-- Andrew Diamond, Lead Developer
When I started my career in software development in the late 1990s, it was nearly impossible to convince project managers and stakeholders of the importance of creating secure applications and systems. Everyone understood the basics, that user accounts should be password-protected, and that the servers running our applications should sit behind firewalls. But beyond that, what was the point of investing in security? It added substantial cost and delayed project timelines with no visible benefit to users and no financial benefit to stakeholders.
Software users naturally viewed the systems we created from a user's perspective: the software does what we want, so what exactly needs to be "fixed?" Investors and project managers saw it from a stakeholder's perspective: the sooner the system is up and running, the sooner we can start making money. We'll have a platform we can build on and expand.

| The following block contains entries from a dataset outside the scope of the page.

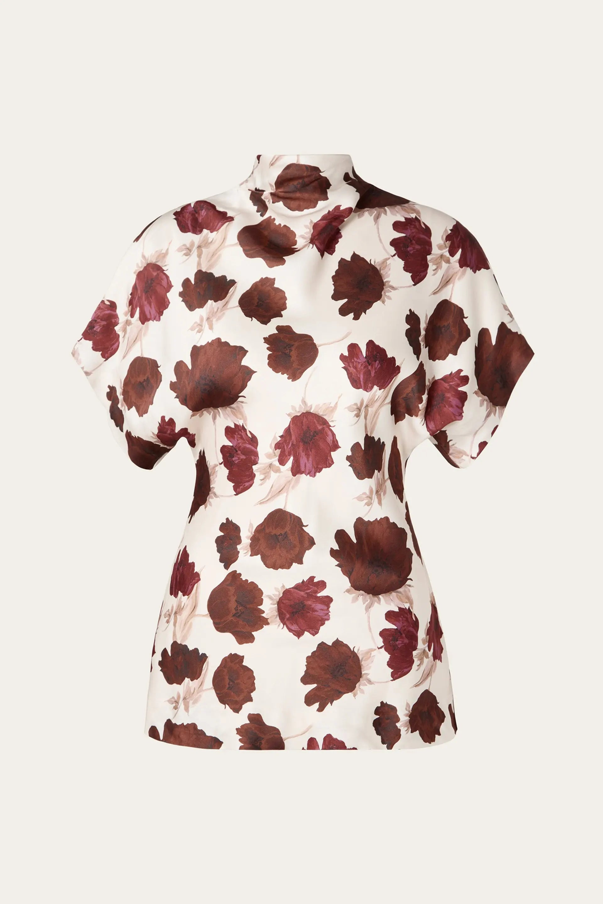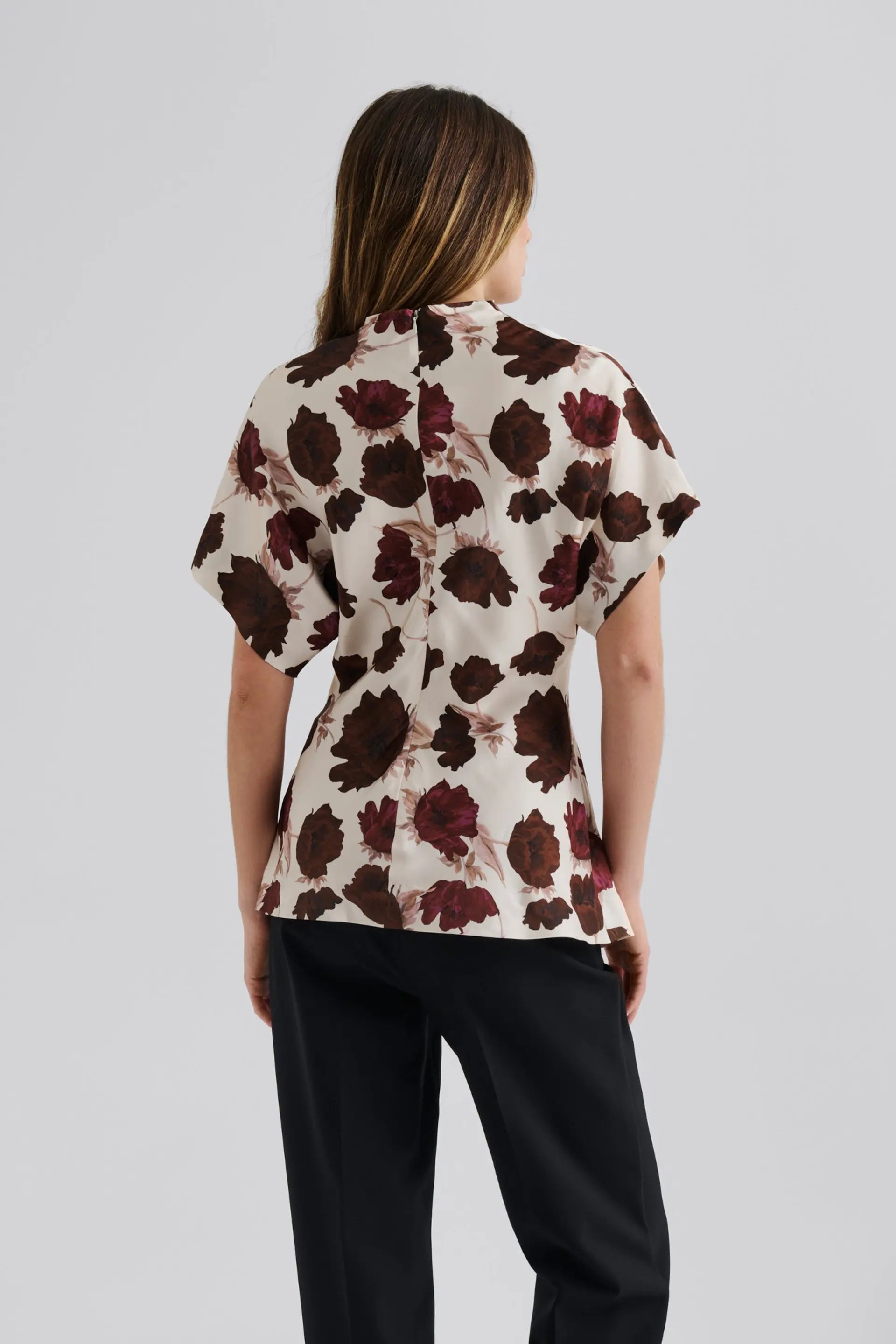 Fantastisk fin print på Otilia top från Malina! Draperad fram med halvpolo, kort ärm och dold dragkedja bak.
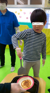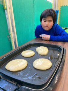 お友だちと協力しながら作ったホットケーキのお味はどうかな(・・?
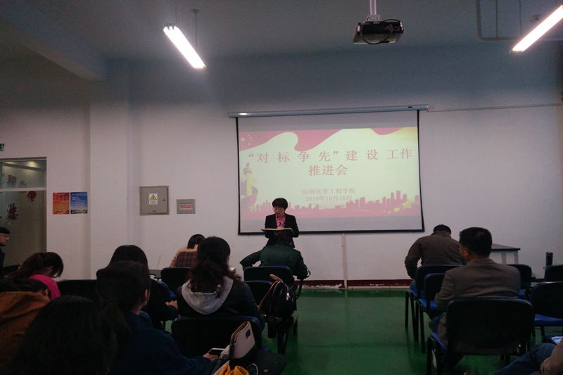 为全面贯彻落实习近平新时代中国特色社会主义思想和党的十九大精神,深入贯彻落实全国高校思想政治工作会议精神,坚持和加强党对高校的全面领导,推动全面从严治党向高校基层延伸,落实立德树人根本任务,培养德智体美全面发展的社会主义建设者和接班人,培养担当民族复兴大任的时代新人,根据学院党总支“对标争先”建设工作总体部署,10月18日下午,应用化学工程学院在第四工业中心二楼组织召开“对标争先”建设工作推进会,院领导,全体教工党员参加了会议。

System administrators and software developers took a broader perspective. We weren't just delivering systems, we had to keep them running. Managers understood the need for adequate hardware, backup power and system monitoring. We could tell them ahead of time what we needed along those lines and how much it would cost.
It was harder to convince them of the need to prepare for more vague future threats, such as hackers and malicious users. After all, we were building systems for users, not abusers. Why waste our time designing for users we didn't want, for contingencies that weren't profitable? Who would target us anyway? Surely hackers would focus on banks, where the money was. Let the banks worry about security.
System administrators knew better. Look at the logs of any publicly accessible server and you'll find hundreds, if not thousands, of hack attempts each day. Most of them are automated, simple and harmless--the cyber equivalent of someone checking every car on the street for unlocked doors.
Eventually, as public and commercial infrastructure moved online, organizations did begin to suffer breaches. In some cases, hackers were stealing data. In others, they simply made a mess that took important services offline and left IT departments scrambling to restore order.
Companies used to suppress information about security breaches because they were embarrassing and they undermined public confidence in their products and services. The few who suffered serious damage began to take security seriously. Others continued to neglect it until they suffered their own disasters. The problem was so widespread that all fifty US states eventually passed laws requiring companies to publicly disclose security breaches that compromised personal information.
The US Securities and Exchange Commission and the Federal Communications Commission also issued guidelines requiring disclosure of breaches in which personal information was leaked. Federal law now holds organizations liable for certain data breaches, and many have had to settle embarrassing and expensive class-action suits.
Companies began to take security seriously only after two critical conditions were met. First, breaches showed that the vague, theoretical threats that system administrators had been warning about for years were real. Second, disclosure and liability laws ensured that the reputation and finances of companies with poor security practices would suffer. The hackers and the regulators effectively made the argument that the system administrators had been losing for years, because the hackers and the regulators put it terms the managers could understand: ignore this and you will pay.
Digital preservationists today face problems of advocacy and understanding similar to those faced by the security-minded computer professionals of twenty years ago. While preservationists are constantly anticipating threats that loom just over the horizon, budget-conscious managers are under pressure to solve today's problem today, with as few resources as possible. To them, preservation means having an extra copy of data somewhere outside the production systems that can be restored if things go wrong. If anything does go wrong, it will be up to their successors to dive into the backups and sort it out.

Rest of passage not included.